Dans ce cas en effet, l'indifférence à la diversité des pratiques de déplacement comme à l'émergence de formes
pionnières de la mobilité n'est pas préjudiciable au projet.
Mais si d'autres considérations viennent compléter la finalité et par conséquent l'utilité du calcul des flux attendus
- telles les considérations de nature politique sur l'opportunité de projets urbains coûteux, dont l'intérêt pour la
communauté doit être envisagé dans toutes ses dimensions, économique, sociétale, culturelle, monétarisées ou
non, directes ou externes -, alors les formes de mobilité relevant en particulier du "hors pointe" et du "hors
navette" doivent être examinées avec attention, car elles éclairent d'une dimension nouvelle l'utilité sociale des
projets. Or, dans le cadre de l'évaluation socio-économique des projets, nous sommes précisément dans cette
situation et il est donc nécessaire que les modèles de prévision de trafic employés s'attachent à prendre en compte
de façon satisfaisante ces éléments. Qu'il s'agisse en effet des recettes nouvelles, des gains de temps, de confort,
des économies d'utilisation de la voiture..., la monétarisation de ces différents critères suppose que l'on raisonne
sur la globalité des déplacements observés, lesquels sont régis par des comportements de mobilité différents de
ceux relatifs aux seuls déplacements pendulaires.

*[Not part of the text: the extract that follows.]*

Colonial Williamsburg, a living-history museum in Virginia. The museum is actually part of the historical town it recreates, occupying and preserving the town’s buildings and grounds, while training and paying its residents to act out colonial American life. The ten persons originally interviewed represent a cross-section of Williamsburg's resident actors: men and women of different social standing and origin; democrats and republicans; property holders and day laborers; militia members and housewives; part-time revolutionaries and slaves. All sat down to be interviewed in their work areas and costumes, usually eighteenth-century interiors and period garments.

Or, comme cela est évoqué à plusieurs reprises dans le rapport, les déplacements mesurés et prévus par les
modèles classiques concernent essentiellement le motif domicile-travail à l'heure de pointe, le passage aux autres
motifs et autres horaires se faisant par application de coefficients de correction successifs. De plus, dans de
nombreux modèles, seuls les déplacements TC sont pris en compte, ce qui exclut en particulier le processus de
transfert modal pourtant important, et conduit implicitement à ne s'intéresser qu'à une population captive.

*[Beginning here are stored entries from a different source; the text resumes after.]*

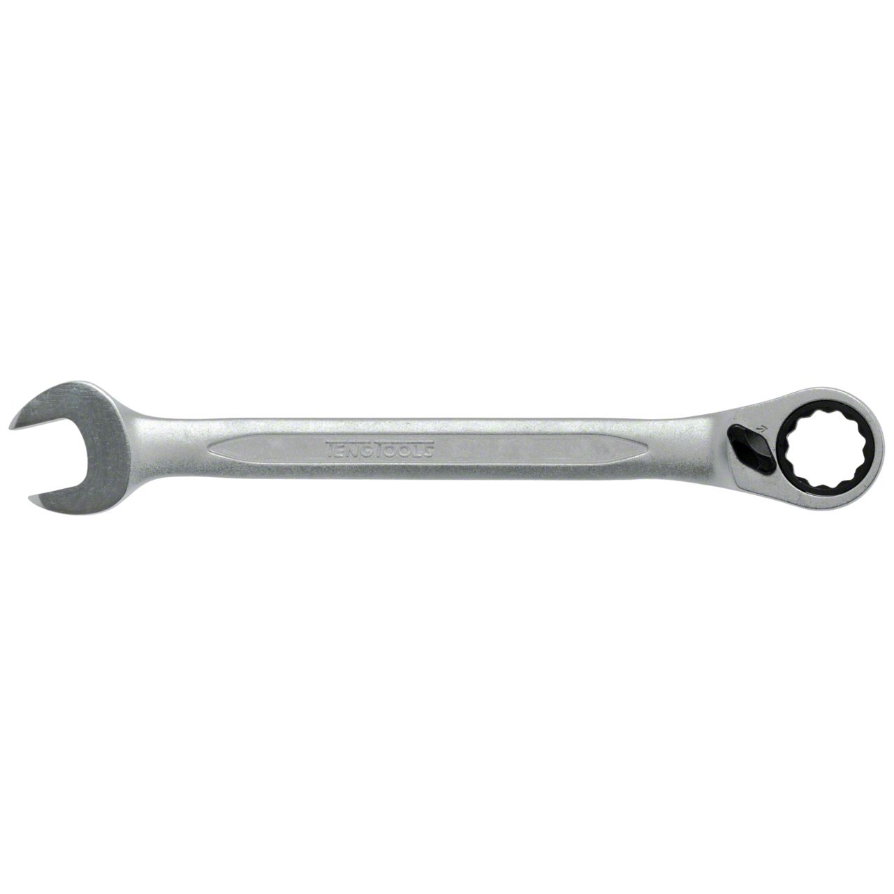 Combined ring/open ended spanner with 72 teeth and a 12 point ring ratchet with flip reverse. The 12 point ratcheting ring end is offset at a 13 degrees angle. Same size at both ends. Made from chrome vanadium with a satin finish)
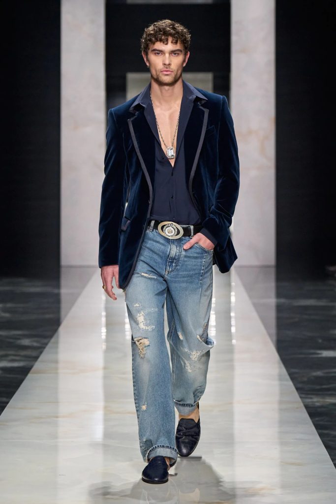 Consider the scene: a structured double-breasted velvet jacket layered over exaggerated ripped denim—an unexpected, almost theatrical clash of refinement and unrest.
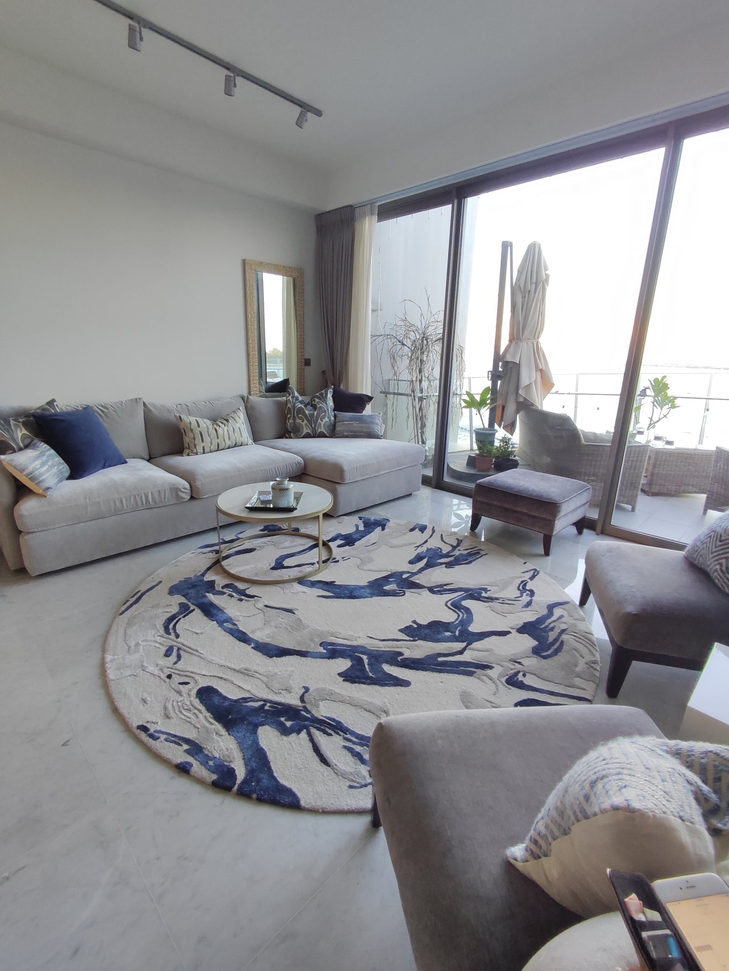 Our customer in Sentosa chose a round "Ocean" rug. The swirls of blue adds a hint of colour brightens the room. Whilst a round rug adds warmth, movement and creates a initmate setting.
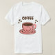 A fun and cozy t-shirt with a smiling coffee cup and little hearts.
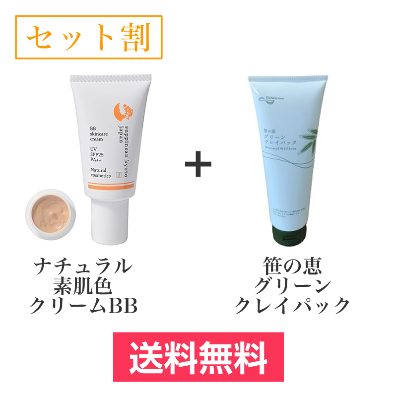 【セット割】ナチュラル素肌色クリームBB(30g)+笹の恵 グリーンクレイパック(250g)
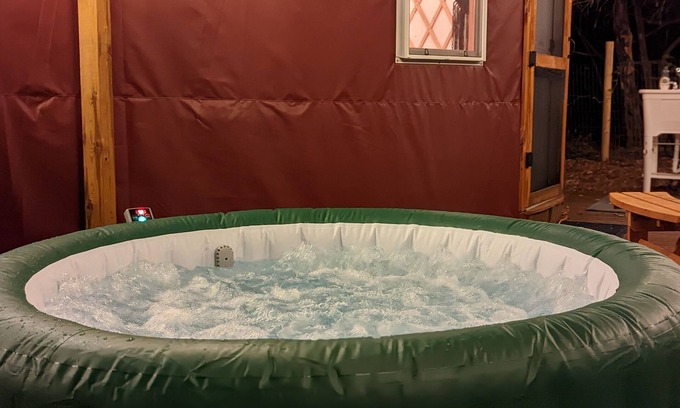 Outside you will find a small firepit area with all logs, fire starters, magic fire color packets are all included. The outside kitchen has hot water, pots, and a grill with a burner. Lastly, the bath house has an outside shower (not heated), sink, and Toilet. There is a top of the line composting toilet that has almost no smell and cleaned/emptied regularly.
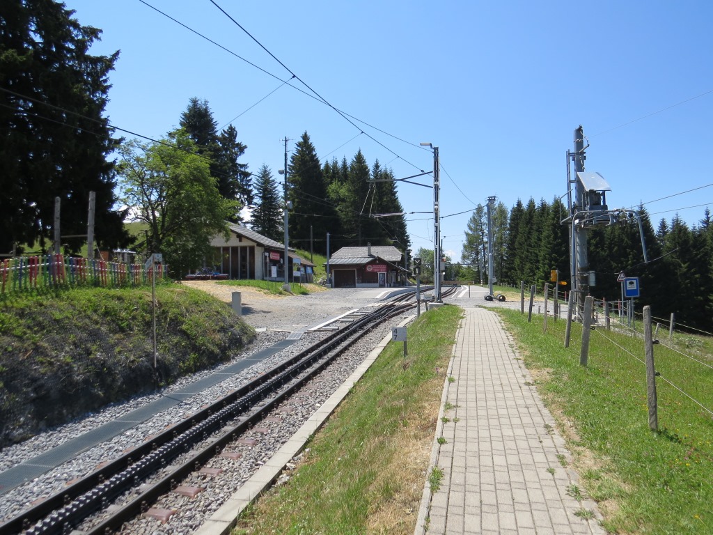 ...steil aufwärts bis zur Bergstation Les Pléjades der MVR Montreux–Vevey–Riviera Bahn
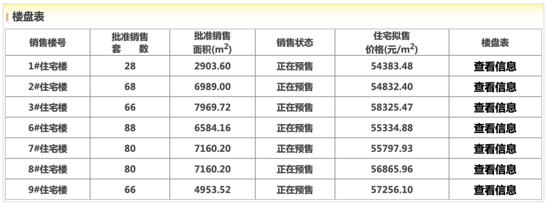 本次取证共计7栋楼,约476套房源,分别是1#、2#、3#、6#、7#、8#、9#楼,批准销售均价5.4万-5.9万/㎡,总价门槛约350万起。
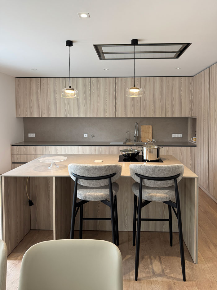 Um projeto marcado pela simplicidade bem trabalhada, onde os materiais e as cores assumem um papel central na criação de ambientes confortáveis e coerentes. A madeira clara define a base do espaço, trazendo calor e continuidade entre as diferentes zonas.

Si le schéma de mobilité correspondant implicitement à ces choix de modélisation était valide il y plusieurs
années, il apparaît aujourd'hui quelque peu désuet, et ce pour au moins deux raisons :
D'une part, les modèles classiques sont fondés sur une notion restrictive de la mobilité dont la pertinence est de
moins en moins évidente en raison notamment de la complexification des déplacements et du développement de
nouveaux types de comportements (déplacements hors-pointes, pour d'autres motifs que le domicile-travail,
multimodalité, boucles de déplacement... ).
D'autre part, les modèles classiques sont fondés sur une vision assez mécaniste de la mobilité, où les principales
variables d'intérêt prises en compte dans la modélisation du comportement des individus, sont le coût, le temps et
éventuellement le confort du déplacement (bien que ce dernier élément soit d'ailleurs souvent réduit à la seule
prise en compte du nombre de correspondances effectuées lors du déplacement). De ce fait, la modélisation du
comportement des individus est donc essentiellement fondée sur des arbitrages temps / coût qui ne correspondent
pas nécessairement à la réalité observée. Comme indiqué dans le rapport, d'autres éléments plus subjectifs
comme l'image du système de transport, sa modernité, l'environnement dans lequel il s'insère (aérien ou
souterrain) semblent en effet jouer un rôle non négligeable dans les processus de choix modal. Or ces éléments,
subjectifs et très qualitatifs, ne sont jamais pris en compte de façon satisfaisante dans les modèles.
CONCLUSION
En conséquence, il apparaît que, si les modèles de prévision de trafic remplissent correctement le rôle de
dimensionnement des infrastructures pour lequel ils ont d'ailleurs initialement été développés, leur utilisation
dans le cadre de l'évaluation socio-économique des projets semble en revanche plus contestable.
Dans la perspective d'une meilleure évaluation des infrastructures, il semble en particulier qu'un effort de
modélisation puisse être fait dans le sens d'une meilleure prise en compte des nouvelles formes de mobilité et des
paramètres qui les affectent. Ce point est d'ailleurs d'autant plus important que les déplacements non obligés
semblent se développer fortement et que de nouveaux comportements émergent corrélativement (multimodalité,
nouvelles relations au temps, à la ville et à l'environnement...).